Twenty-three children have been rescued after being abducted and forced to sell handicrafts in a tourist town in southern Mexico.
The children were released from a house in San Cristóbal de Las Casas, in the southern Mexican state of Chiapas, according to a statement published by the state’s attorney general Monday.
Three women were arrested on human trafficking and forced labor charges.
The children, ranging in age from three months to 15 years, were abducted from their families and forced to work selling handicrafts under threat of “physical and psychological violence,” according to the statement.
The rescue mission began after the attorney general’s office launched a search for Dylan Esaú Gómez Pérez, a toddler who went missing on June 30 while at a public market with his mother, according to an earlier statement from the attorney general.
Authorities did not immediately confirm whether Dylan was among the children rescued.

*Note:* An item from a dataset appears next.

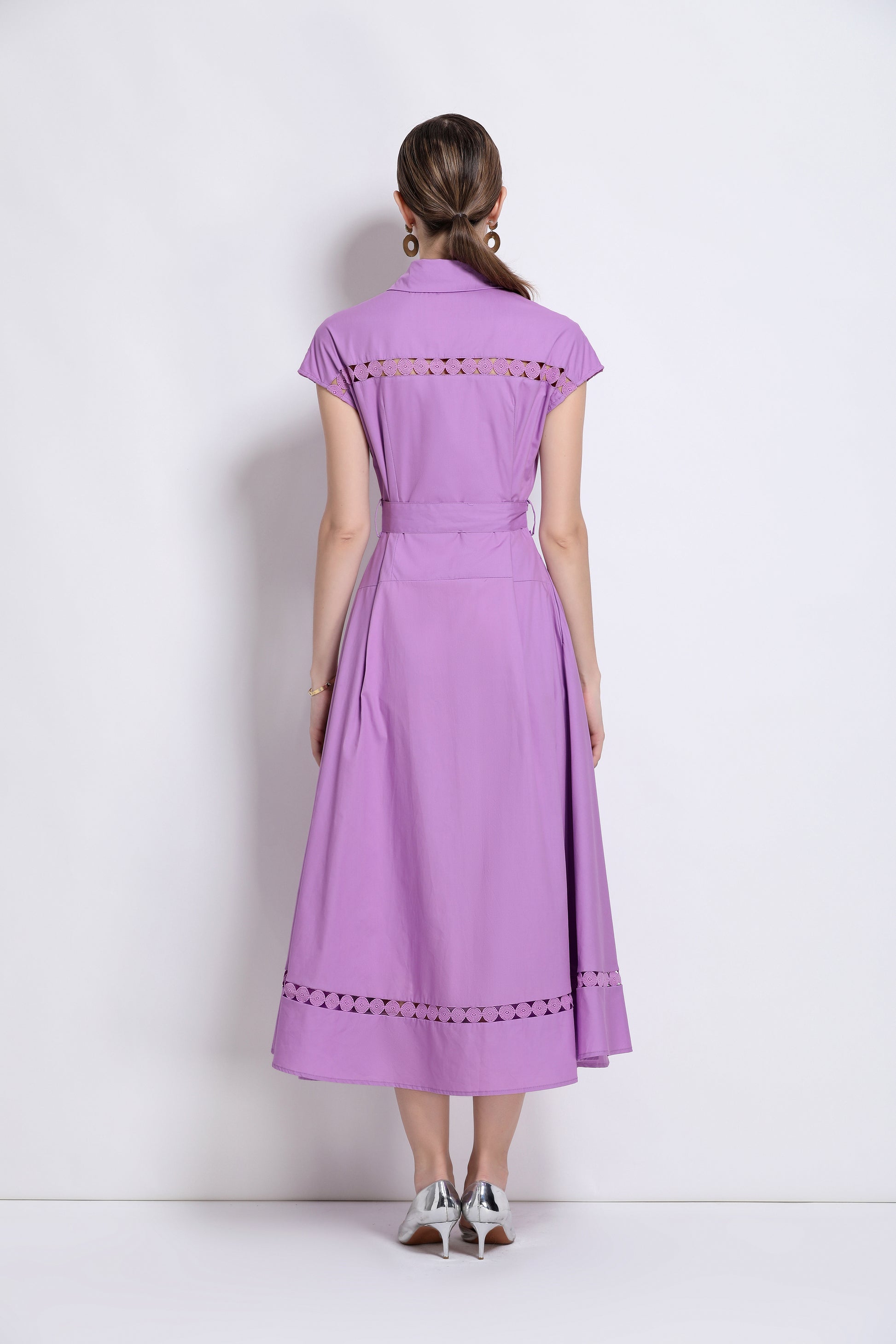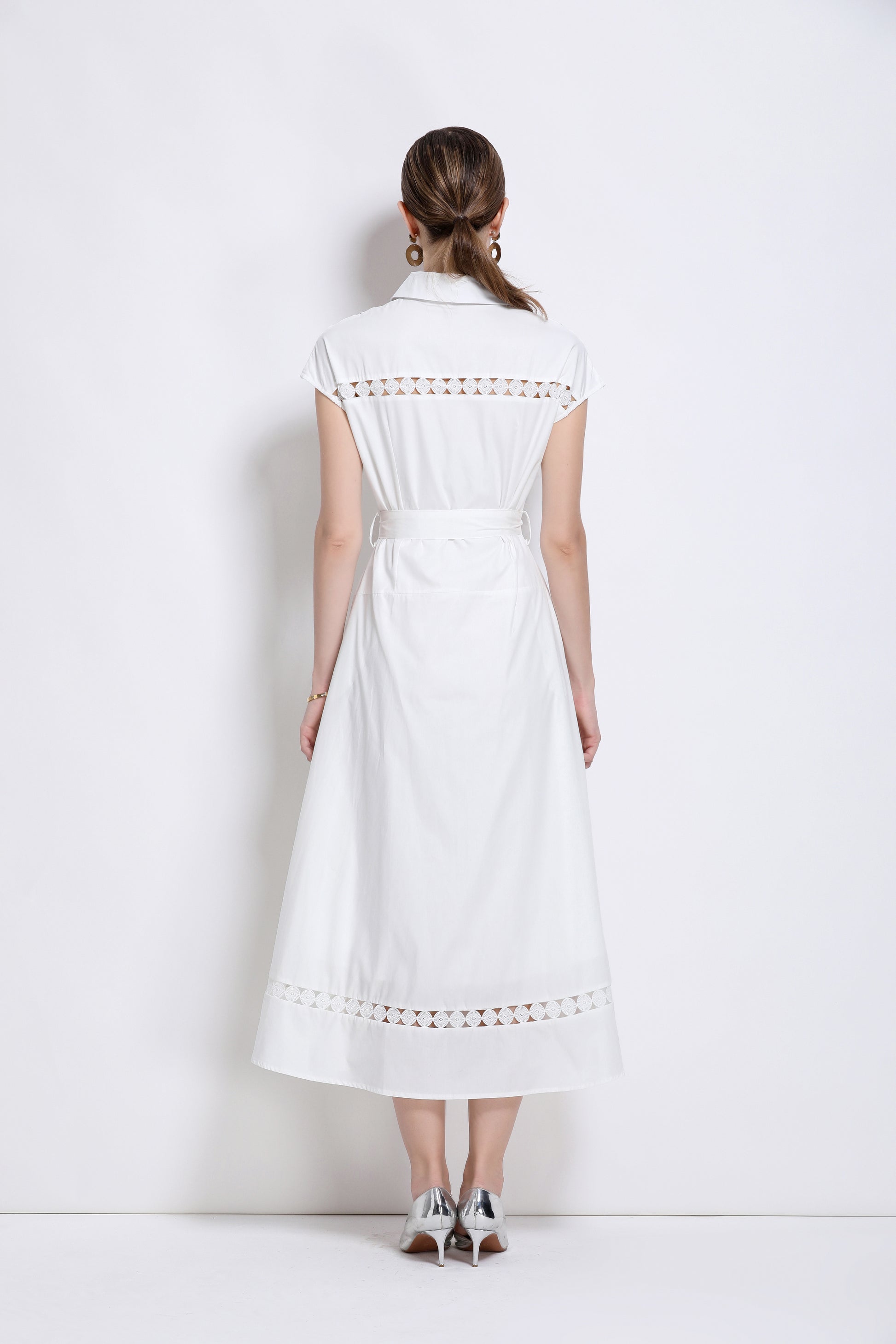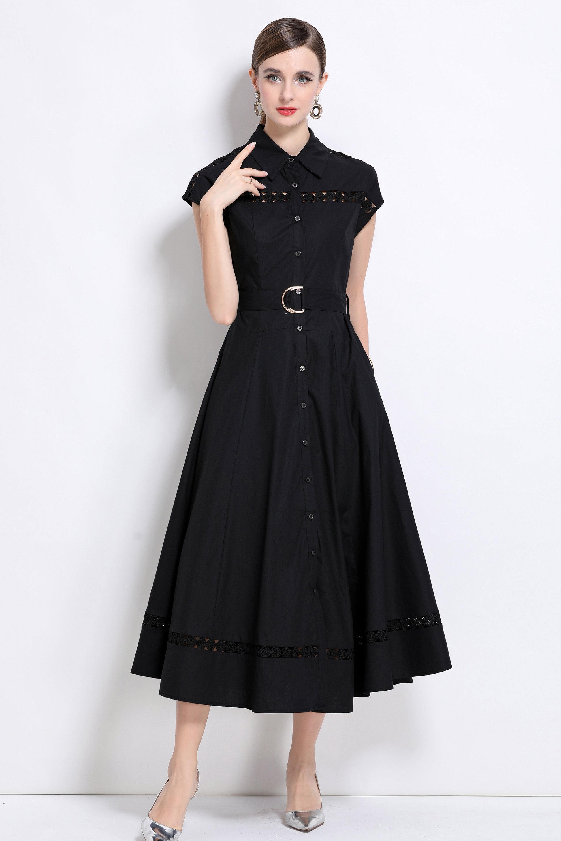 Women's Collar Hollow Cap Sleeve Midi Dress

Chiapas is the southernmost state in Mexico and sits on the border with Guatemala.
Tourists visit for its immense biodiversity and a climate that ranges from fresh and cool in the highlands to humid and hot in the jungle lowlands.
Home to some of the most impressive Mayan archeological sites and a large indigenous population, it is one of Mexico’s most diverse regions both in culture and nature.
It is also the most impoverished state in the country, and was hit hard by an 8.1-magnitude earthquake in 2017.